Everything below roughly 30 PHz are non-ionizing waves. They do not cause cell damage. They pass right through us harmlessly.

Microwave ovens work by agitating the atoms in the food, which causes them to bounce around more, which, due to atomic friction causes heat dissipation. There is no "radiation".

millimeter waves and 5G cellular

Because of the very short wavelength, these waves do not travel very far in free air (in comparison to lower frequencies at the same power). They are also very susceptible to anything in the air. Cloud, fog/mist, rain, snow, wood, even your hand will all degrade or block the signal. In best case testing, these signals only travel 300-500 feet. Also, because of the very high frequency, they are very directional. Essentially, the transmitting and receiving antennas have to be lined up perfectly.

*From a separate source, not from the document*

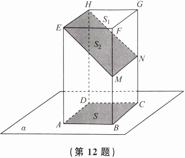 12. 如图,长方体的一个底面$ABCD在投影面\alpha$上,$M$,$N分别是侧棱BF$,$CG$的中点,矩形$EFGH与矩形EMNH的投影都是矩形ABCD$. 设它们的面积分别是$S_{1}$,$S_{2}$,$S$,则$S_{1}$,$S_{2}$,$S$的大小关系是

One thing the manufacturers of the equipment are finding is that they'll need an antenna on every side of the phone to track the signal from the tower. And the tower will have to employ some kind of beaming/tracking to maintain a direct path to the phone.

final thoughts

Due to the nature/physics of the 28 GHz millimeter waves, it is impossible to achieve wide-ranging cellular coverage with them like we enjoy today with the existing systems. This technology will only be deployed in key small areas were return on investment can be maximized by the maximum number of users. Simple economics says there is no way the carriers will spend hundreds of thousands of dollars to deploy a tower/radio on each streetlight to get signal to 2-3 houses (which can't penetrate the walls anyway) with no guarantee of financial return. With a range of only a few hundred feet and the signal being degraded by pretty much anything in its path, its ubiquitous use could not and never be achieved.